The wording I’ve seen gives me great concern that this might mean small producers decide not to make their product available to Scottish purchasers.
I would also like clarity on the position regarding wine in reserves and EP which has already been purchased.
My experience of SEPA does not give me confidence that adding 2 and 2 is a core skill set…
I’m sure that there would be plenty of cross border activity another unintended consequence.
Scot Gov are becoming increasingly centralised, ‘nanny state’ and incompetent. They get away with it because the bar is usually even lower south of the Border and they point at that and claim they are doing better.
A topic I, along with others at TWS are currently grappling with.
To answer a few questions raised above from my, quite frustrated, perspective:
Yes, wine bottles are included in the list of “scheme items” which will make them liable for the 20p deposit. We will be obligated to add this 20p to every scheme item we deliver to a Scottish address – so will include gifts ordered in England to go to Scotland.

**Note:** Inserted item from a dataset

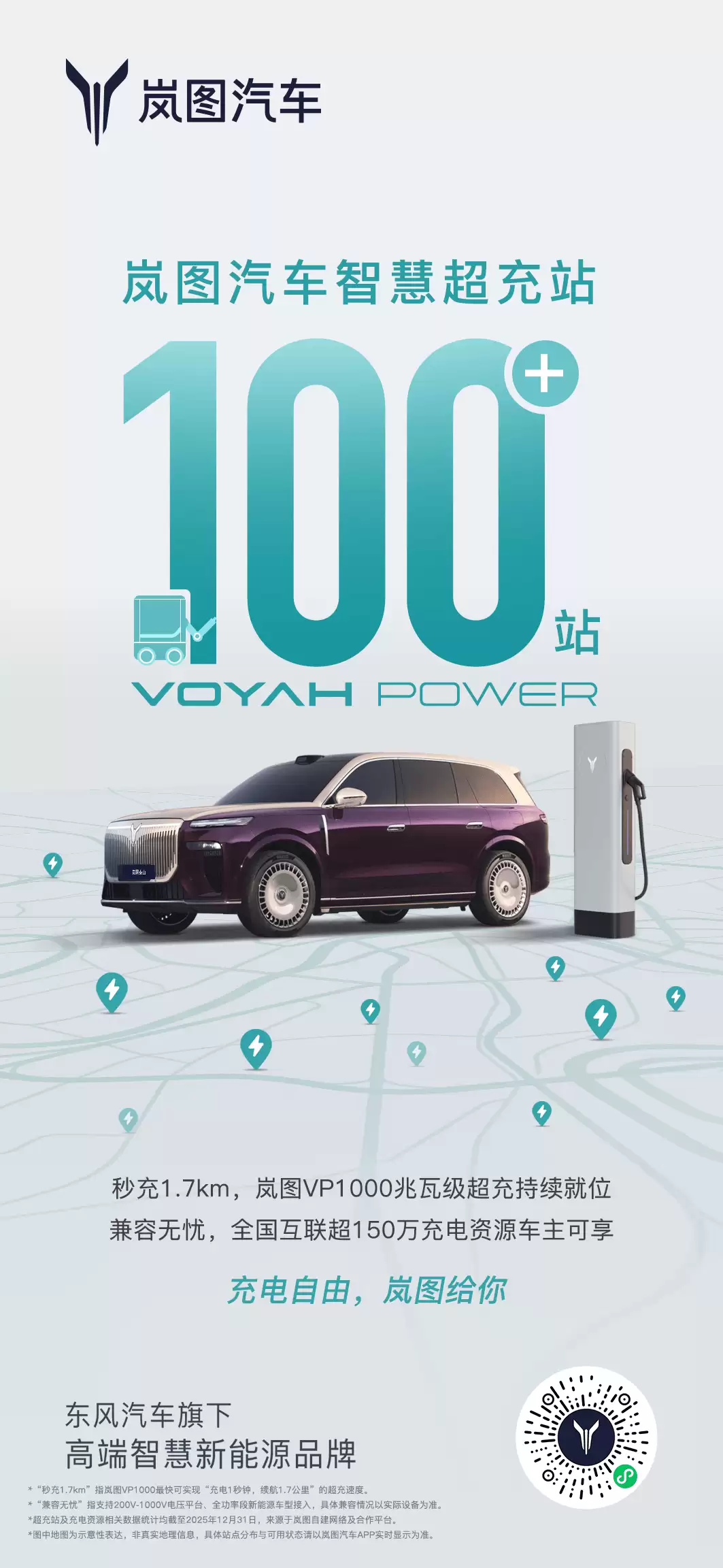 生态开放战略已成为岚图补能体系的核心优势。其智慧超充网络全面向所有符合国标的新能源汽车品牌开放,用户通过岚图汽车App即可享受“一键充电”、无感支付及免费停车等标准化服务。目前,该平台已与12家头部运营商实现互联互通,接入了超过150万根公共充电桩,服务网络覆盖全国99%的县级区域,并完成了“十纵十横”高速公路充电网络布局。即便在西北和川藏等偏远地区,也拥有超过10万根可用充电桩。

We are working with all available information to ensure disruption is minimised for members wanting delivery to Scotland but unfortunately, essential information isn’t currently available. Circularity Scotland (CSL) and SEPA are quite busy pointing fingers at each other, meanwhile we don’t have the specifics we need to make important changes to our systems.
Producers are required to register this month. For wine, the definition doesn’t work cleanly. Depending on the label and route to the UK, importers and agents are classed as Producers – which includes TWS for the wines that we import directly. Each individual product will need to be registered by the relevant producer at least 6 weeks prior to going on sale. Producers are responsible for funding the scheme and need to report monthly sales volumes into Scotland from everyone that they supply. Communication by CSL has been very poor in England and awareness of the scheme varies greatly amongst wine importers.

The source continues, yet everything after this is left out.